§ Exercise inputs:
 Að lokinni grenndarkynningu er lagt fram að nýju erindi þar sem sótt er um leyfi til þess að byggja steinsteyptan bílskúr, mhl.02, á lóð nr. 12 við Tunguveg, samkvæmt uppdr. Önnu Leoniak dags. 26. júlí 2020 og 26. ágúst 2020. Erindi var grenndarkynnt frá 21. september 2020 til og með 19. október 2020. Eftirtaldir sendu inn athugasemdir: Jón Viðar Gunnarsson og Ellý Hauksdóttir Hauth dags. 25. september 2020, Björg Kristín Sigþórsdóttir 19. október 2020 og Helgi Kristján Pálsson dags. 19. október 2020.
* * *
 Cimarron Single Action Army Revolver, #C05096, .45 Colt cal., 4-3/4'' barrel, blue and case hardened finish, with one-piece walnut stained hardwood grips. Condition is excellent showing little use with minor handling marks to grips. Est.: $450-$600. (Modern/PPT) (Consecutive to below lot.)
==
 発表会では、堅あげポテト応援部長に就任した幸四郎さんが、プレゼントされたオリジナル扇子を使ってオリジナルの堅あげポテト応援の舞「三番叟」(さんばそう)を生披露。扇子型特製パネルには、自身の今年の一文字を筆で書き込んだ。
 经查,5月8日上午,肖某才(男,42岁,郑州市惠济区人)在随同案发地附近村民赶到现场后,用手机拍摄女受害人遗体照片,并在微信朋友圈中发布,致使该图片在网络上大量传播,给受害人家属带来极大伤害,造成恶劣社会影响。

§ Problem to solve:
Please copy, exactly and with nothing else, the lines above beginning at the line that has "発表会では、堅あげポテト応援" and ending with the line that has "经查,5月8日上午,肖某才(男,42岁,郑州市惠济区人)".

§ Solution to this problem:
 発表会では、堅あげポテト応援部長に就任した幸四郎さんが、プレゼントされたオリジナル扇子を使ってオリジナルの堅あげポテト応援の舞「三番叟」(さんばそう)を生披露。扇子型特製パネルには、自身の今年の一文字を筆で書き込んだ。
 经查,5月8日上午,肖某才(男,42岁,郑州市惠济区人)在随同案发地附近村民赶到现场后,用手机拍摄女受害人遗体照片,并在微信朋友圈中发布,致使该图片在网络上大量传播,给受害人家属带来极大伤害,造成恶劣社会影响。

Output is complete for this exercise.